Overview

“Design a distributed job scheduler” is a common system-design interview question. It touches on several concepts related to a distributed environment. In this article, we shall learn about how to design a distributed job scheduler.

Functional Requirements

A task may be scheduled one time or multiple times as in a cron job by other microservices/services. For every task, a specific class can be made inheriting an interface, such that we can call that interface method later, on the worker nodes while executing the task. The results of executions of tasks will be stored and queryable.

Non-Functional Requirements

Scalability

Millions of jobs can be scheduled and executed in a day.

Durability

A job shouldn’t be lost and must persist.

Reliability

A job shouldn’t be dropped or performed later than scheduled.

Availability

It should be possible all the time to schedule and perform tasks. A task should be executed a minimum number of times (ideally one).

Domain Analysis

We first define a domain model that will be later transformed into a data model for Schema or a model for zooKeeper.

Job

It’s a task that has to be performed.

Properties

id, name, taskRunnerClass, priority, running, lastBeginTime, lastFinishTime, lastRunner, arguments (data)

Trigger

Tells when a task gets done. A job may have multiple triggers.

Many types of triggers are defined, such as oneTimeTrigger, cronTrigger, etc.
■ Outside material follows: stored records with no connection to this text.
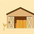 Agricultural storage mô tả một nơi bảo quản các sản phẩm nông nghiệp, bao gồm lúa, ngô, và các loại hạt khác.
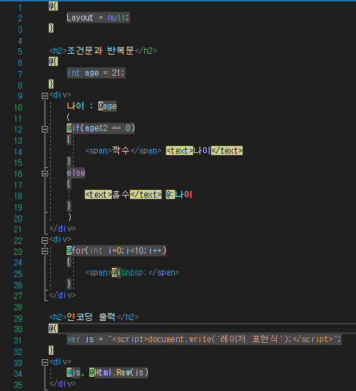 이번에는 Razor에 if문, for문, 인코딩 출력을 해보겠습니다.
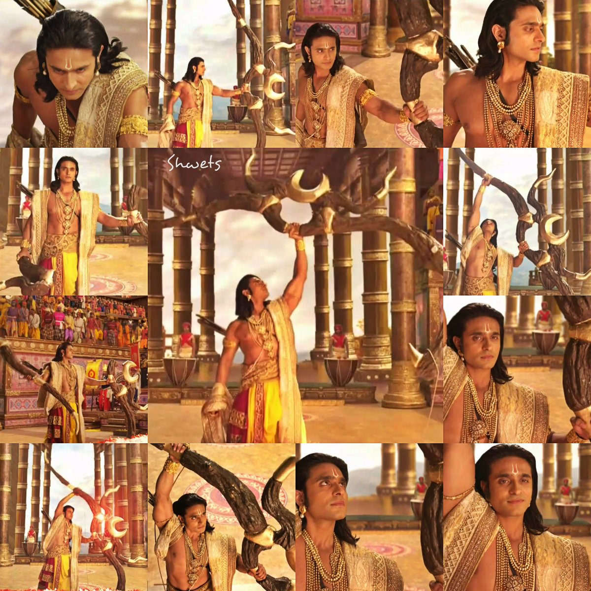 I take a few steps around the Dhanush, revering it. I feel the bow...its sanctity, its texture, its grandeur. In one swift motion, I lift it up...I set it up to tie it...and it breaks into two...
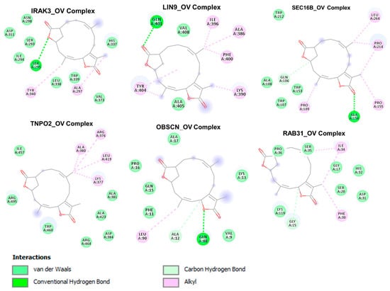 Two dimensional (2D) representation of the docking profile of ovatodiolide (OV) with the crystal structures of the cancer hub genes RAB31 (PDB:2fg5), IRAK3 (PDB:6ruu), OBSCN (PDB:2e01), LIN9 (PDB:6c48), TNPO2 (PDB:2z5j), and SEC16B (PDB:3mzk). Each complex represents the interaction of the best docking pose between the receptor and the ligand.
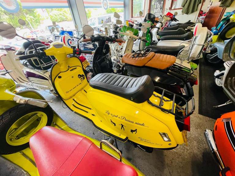 Scomadi TT 125 21 plate finished in rare bright yellow, satin black speed rack, black levers , mirrors, grips , wheels, removable black sx decals & song titles “private plate is not with the sale “, like brand new condition others in stock & required
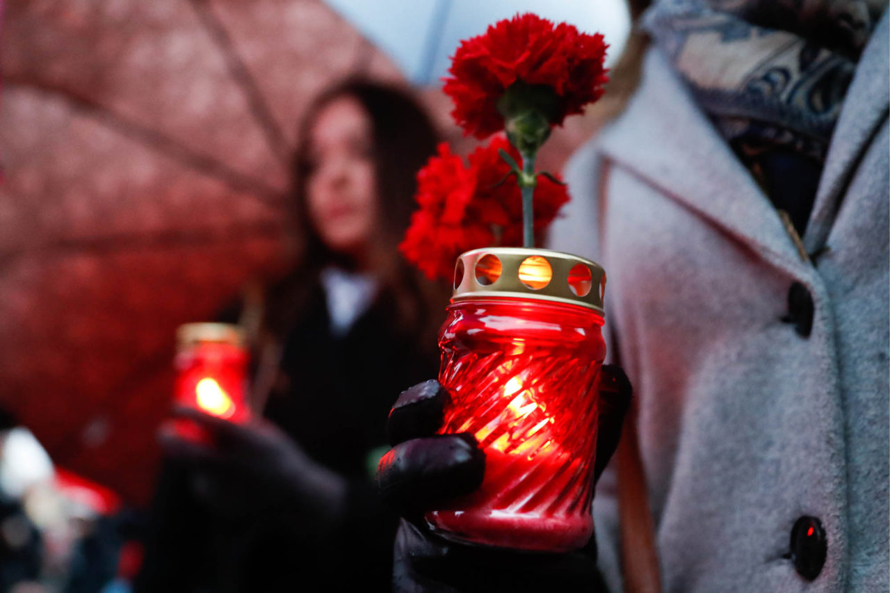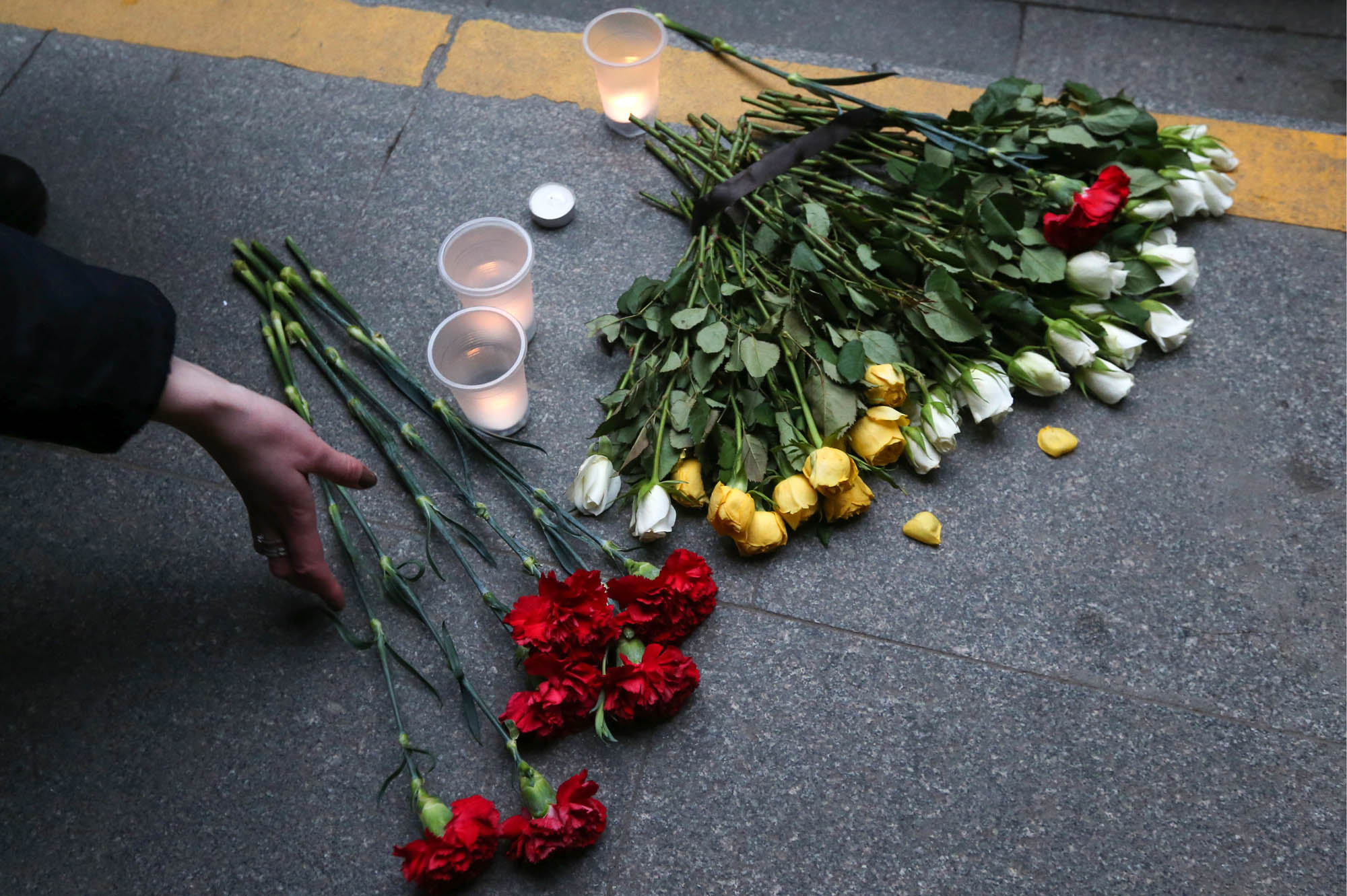 Цветы и свечи у станции метро «Сенная площадь»
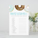 Adicione este cartão de jogo de palavras de bebê divertido ao seu chá de fraldas. Esta placa de jogo de chá de fraldas apresenta rosquinhas de cor d'água azul, branca e chocolate com bordos coloridos. Personalize adicionando nomes, eventos e datas. Este jogo de chá de fraldas com rosquinhas de aquarela é perfeito para qualquer estação ou tema de chá de fraldas.
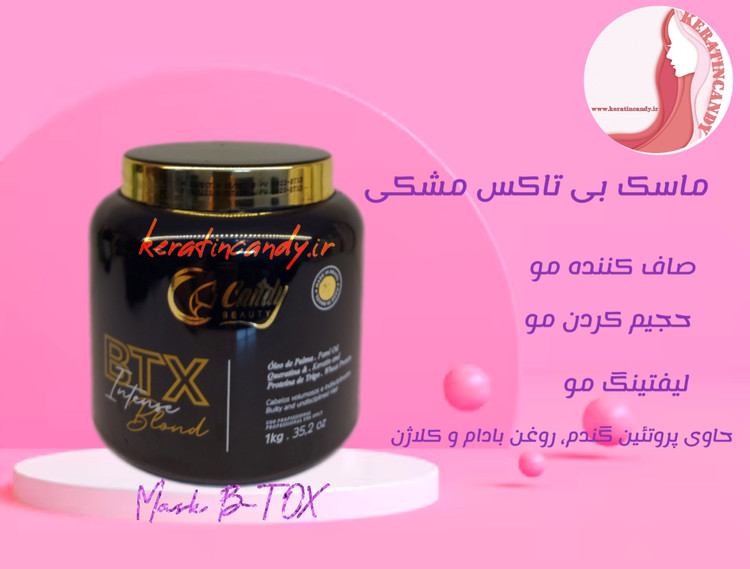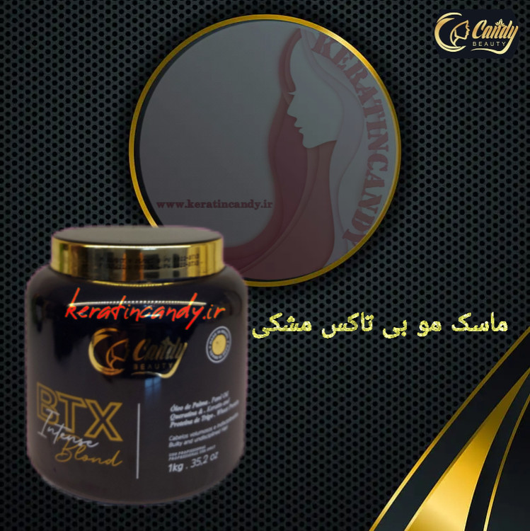 ماسک مو بی تاکس مشکی حاوی روغن پالم و پروتئین گندم. ویژه موهای بی نظم و پراکنده. حجیم کردن مو. صافی مو. ضد زردی مو

There will be properties, dependent on the type, such as id, type, beginTime, finishTime, oneTime, cronjob, interval, etc.

Executor

It’s a single node for task execution. It has properties such as id, lastHeartBeat, etc.

A High-Level Design

A microservice aiming at scheduling a task can transfer a message to the corresponding Kafka queue.

Job Scheduler Service

It will utilize the messages (demanding a task enqueueing). They (messages) generate a unique id, based on which they decide the database partition into which the task shall go. They create a task and trigger record as power the message in the corresponding database partition.

RDBMS

It would be suitable as we may later require its ACID properties, especially transactions. We will adequately shard the database several shards to distribute the data and load. We will use the master-slave/active-passive replication for every partition in a semi-synchronous manner. One follower/slave will synchronously follow while the others receive the replication stream asynchronously. This way, we ensure that a minimum of one slave holds updated data in case the master fails, followed by that slave being promoted to the new leader.

Job Executor Service

  • On startup, it gets the database partitioning information from zooKeeper and the partition assignment between database partitions and other instances.
  • It chooses a database partition having the smallest count of executors mapped to balance out the count of executors that execute tasks for every different database partition.
  • It will store/transfer the partition assignment to zooKeeper and uniformly send heartbeats to zooKeeper.
  • It fetches info from the database partition and resists other executor instances mapped to the very same database partition for tasks the execution of which is due. The resistance uses row locks, which require transactional properties.
  • An executor node performs a task after it has updated the task record in the database by flagging it as “running”, storing the “beginTime” and itself as the executor node, etc.
  • If an executor node fails, other nodes that are assigned the same partition can use the zooKeeper and heartBeating to detect the failure and then hunt down all the tasks that were being executed by the failed node, thus flagging flag=”running” and lastExecutor=”failed node” and can resist those tasks to perform them.
  • Eventually after having performed a task, we transfer a message to another Kafka queue.

Result Handler Service

It utilizes the messages and stores the result of the execution in a non-relational database such as MongoDB, Cassandra, etc. The eventual consistency is fine as it is not pivotal if a result with some delay is observed.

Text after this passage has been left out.